Is your soul actively involved in spiritual courtship of God? Do you steadily seek a personal communing with God, with a goal of achieved spiritual intimacy? Church duties do not count. “Churchiness” avails nothing. It is never evidence of a true, dynamic relationship with God.
 
Enoch had a devotional life such as all can aspire to. Moses says in Genesis that Enoch “walked with God” (Gen. 5:22). To walk with God is to enjoy an intimately personal relationship with Him. Hebrews 11, the Christian Hall of Fame, depicts Enoch from a slightly different perspective. He is described as one who “pleased God.”
 
So here then are the two clues: Enoch walked with God and he pleased God. It is evident that Enoch’s life was centered in God. A person can be moral, benevolent, and not godly. The godly person who has a superb devotional life takes on a quality and an essence of the stamp of God.
 
Step Three: Alignment of Our Lives With His Will
This again is where surrender comes in. Surrender as in the daily practice of giving oneself over to God. It means “putting on” Jesus Christ and His godliness as intentionally as we dress ourselves in clothes. It means the imitating and emulating of Christ’s values. We put on godliness in the thoughts that we choose to think, in the words that we say, in the actions we take, and in the deeds we do.

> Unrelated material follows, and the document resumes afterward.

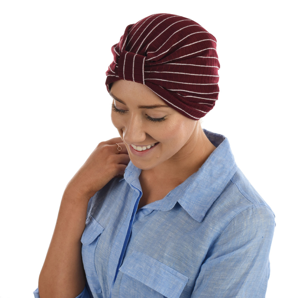 Striped Cotton Turban | Wine / Burgundy with White Stripes | L/XL

Conduct produces character. What we do, we become.
 
Since conduct determines character, it is vitally important that we practice godliness every day. That is why Peter says in 2 Peter 1:5, 6 (NIV): “Make every effort to add to your faith . . . godliness.”
 
There is no shortcut to godliness. Concert hall and Olympic skills are day-by-day processes. If we want to be godly Christians, we must practice godliness day by day, as well. We are Christians in practice. “Not that I have obtained,” Paul says triumphantly, “but I press toward the mark of the high calling . . .” (see Phil. 3:12).
 
To align our lives with His plans and purposes is to validate what pleases God. “He hath shewed thee, O man, what is good . . .” (Micah 6:8).
____________
*Unless otherwise noted, all Scripture references in this article are from the King James Version.

__________________________
Alvin M. Kibble is a vice president of the North American Division of the Seventh-day Adventist Church in Silver Spring, Maryland.